▶ _Exercise brief_:
Below are records with pictures. Transcribe exactly, and only, the lines from the line with "悠游QQ改保改密工具是一款功" to the line with "Не так давно", both ends included, but not the pictures.

▶ _Input material_:
.....
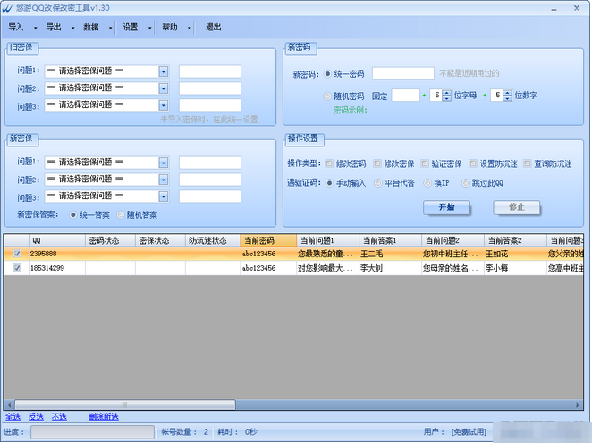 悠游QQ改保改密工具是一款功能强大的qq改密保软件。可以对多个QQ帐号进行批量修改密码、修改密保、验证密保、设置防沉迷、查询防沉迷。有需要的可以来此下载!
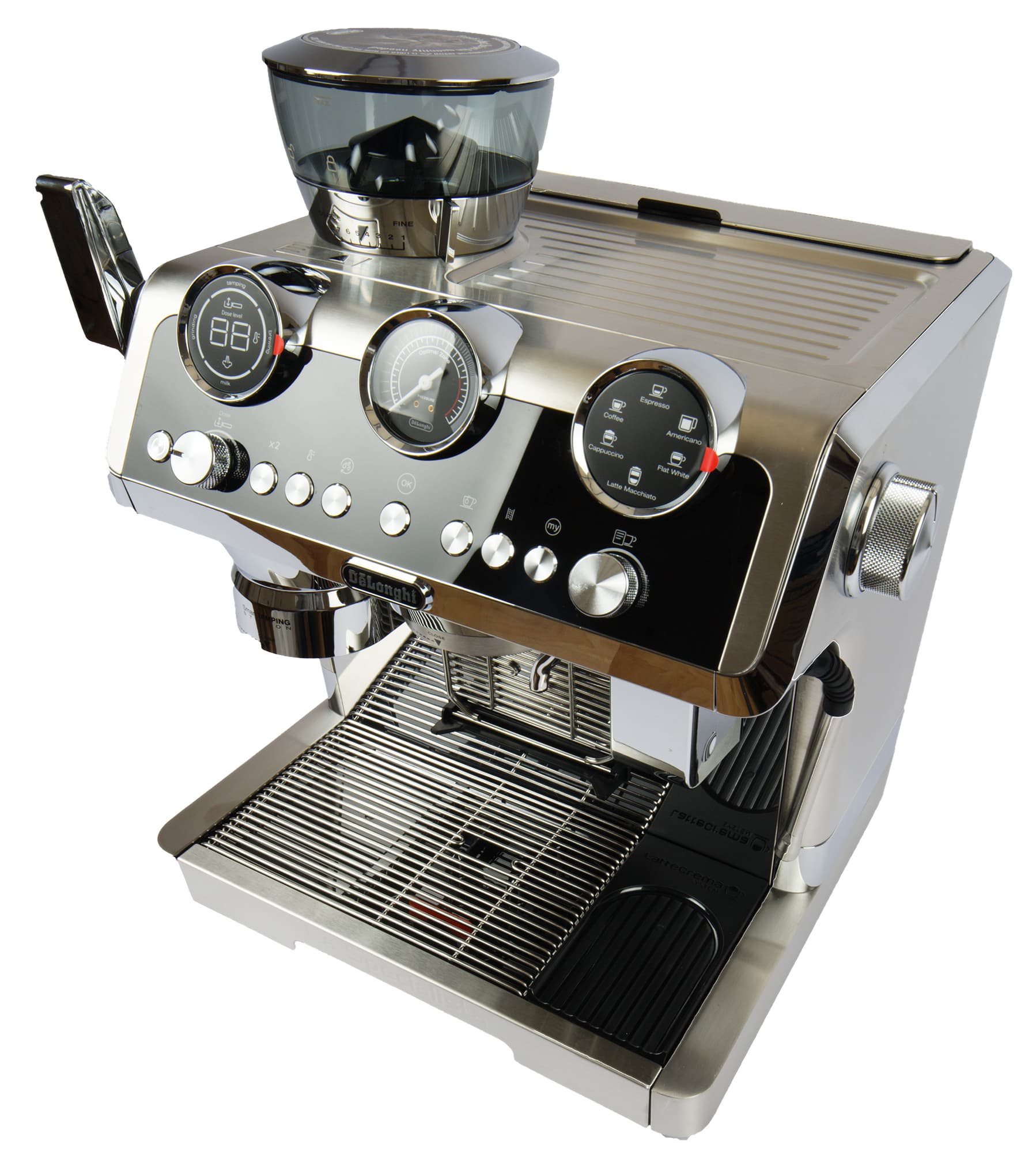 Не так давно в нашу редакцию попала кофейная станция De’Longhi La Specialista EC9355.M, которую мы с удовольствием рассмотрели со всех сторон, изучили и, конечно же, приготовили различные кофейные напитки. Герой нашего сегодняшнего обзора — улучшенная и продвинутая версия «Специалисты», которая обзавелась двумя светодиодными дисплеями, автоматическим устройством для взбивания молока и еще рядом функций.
.....
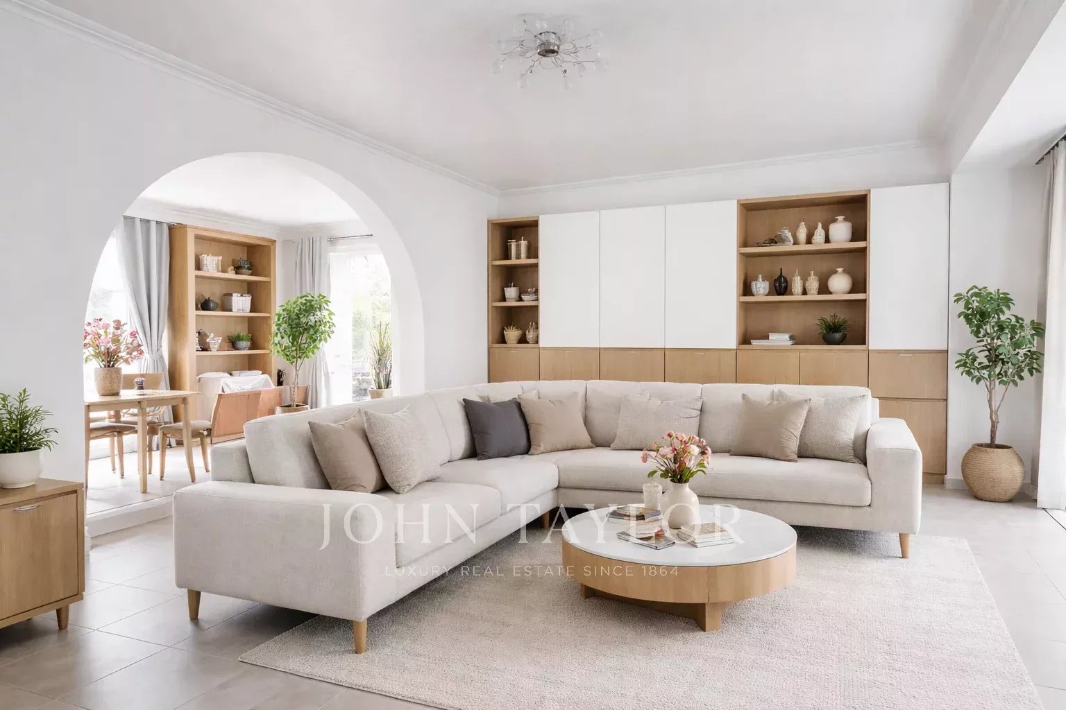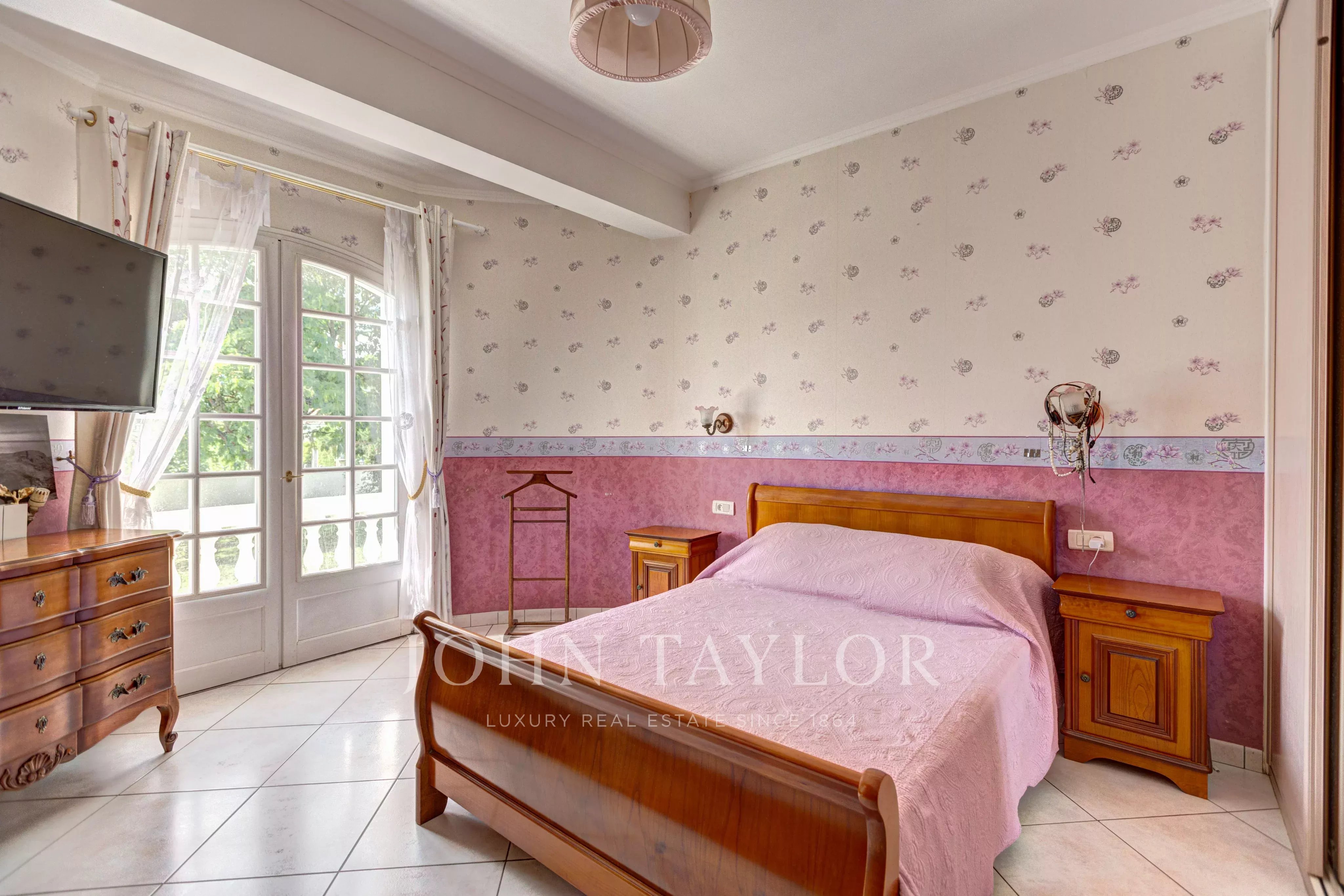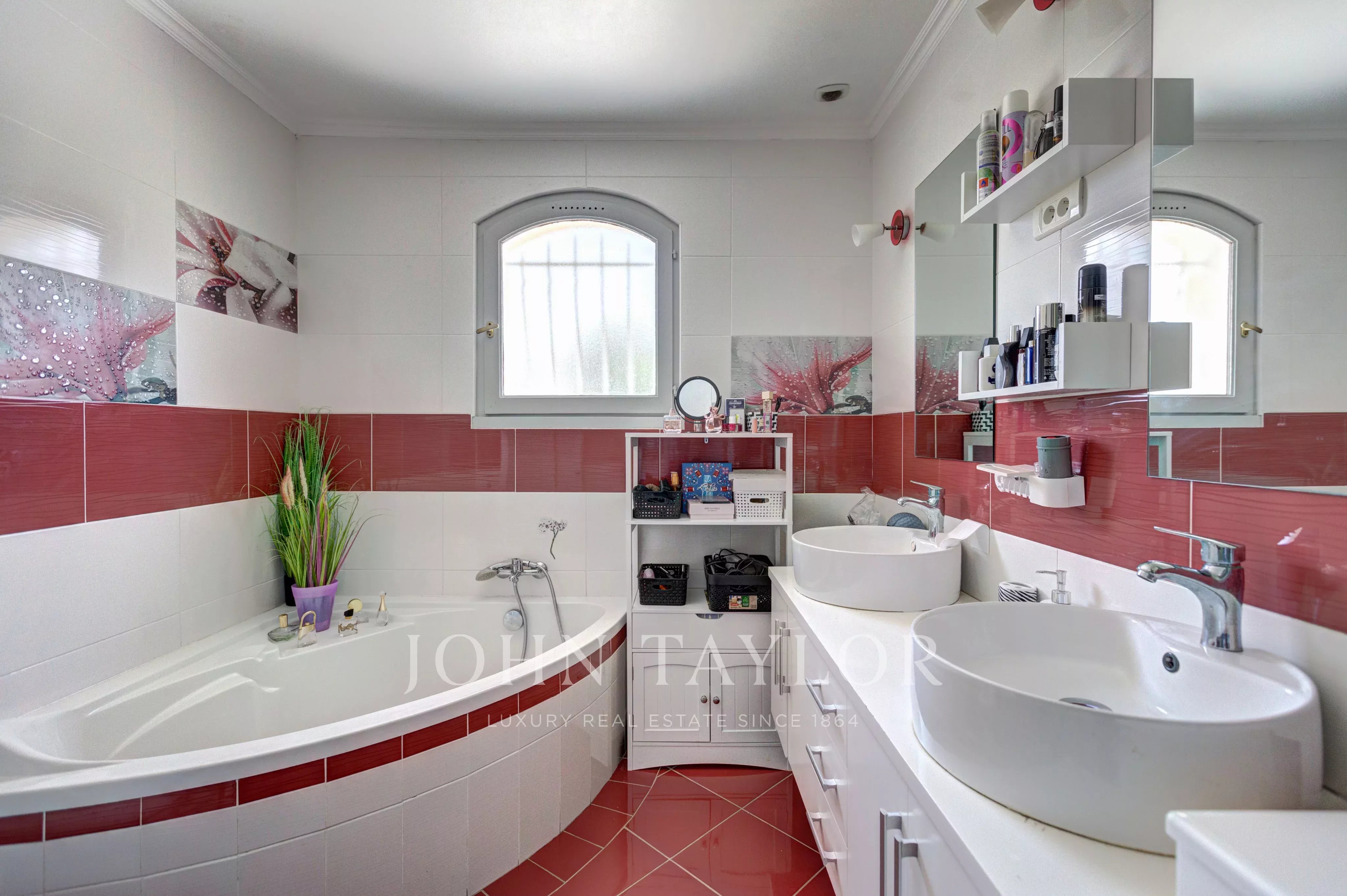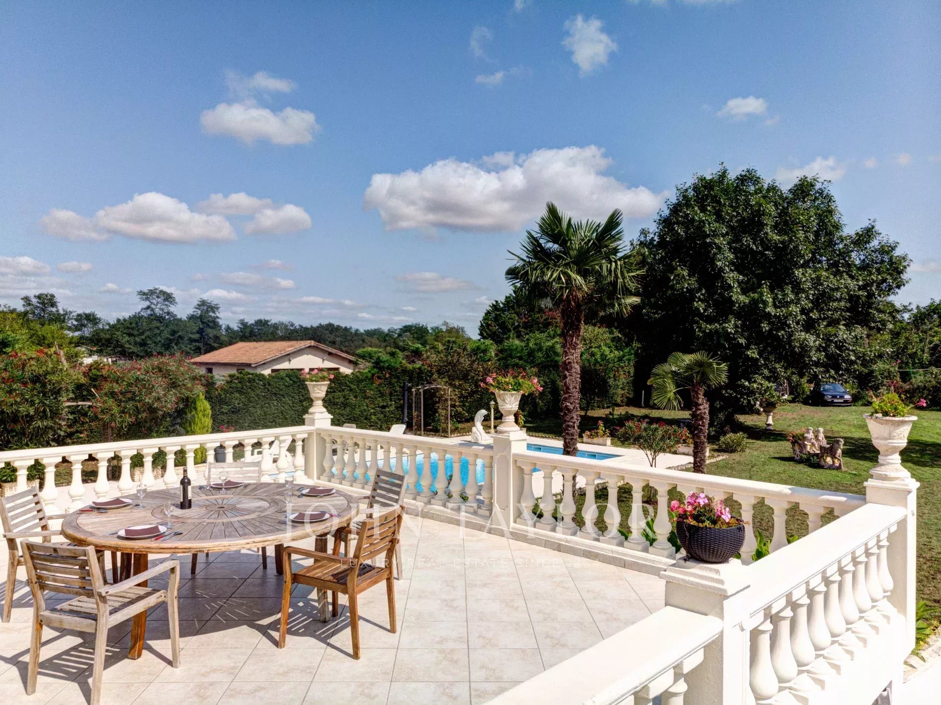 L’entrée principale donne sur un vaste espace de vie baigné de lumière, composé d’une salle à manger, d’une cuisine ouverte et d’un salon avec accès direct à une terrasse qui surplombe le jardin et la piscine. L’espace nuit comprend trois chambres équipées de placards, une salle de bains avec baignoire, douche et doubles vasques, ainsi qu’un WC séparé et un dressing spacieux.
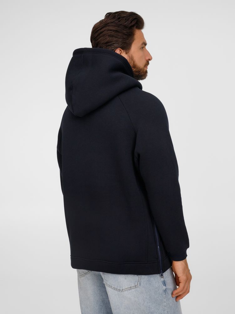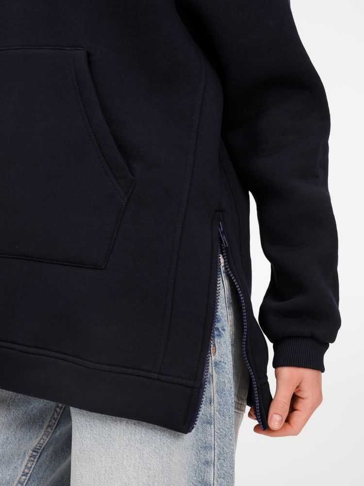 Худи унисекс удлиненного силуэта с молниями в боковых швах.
.....
▶ _Answer to the exercise_:
 悠游QQ改保改密工具是一款功能强大的qq改密保软件。可以对多个QQ帐号进行批量修改密码、修改密保、验证密保、设置防沉迷、查询防沉迷。有需要的可以来此下载!
 Не так давно в нашу редакцию попала кофейная станция De’Longhi La Specialista EC9355.M, которую мы с удовольствием рассмотрели со всех сторон, изучили и, конечно же, приготовили различные кофейные напитки. Герой нашего сегодняшнего обзора — улучшенная и продвинутая версия «Специалисты», которая обзавелась двумя светодиодными дисплеями, автоматическим устройством для взбивания молока и еще рядом функций.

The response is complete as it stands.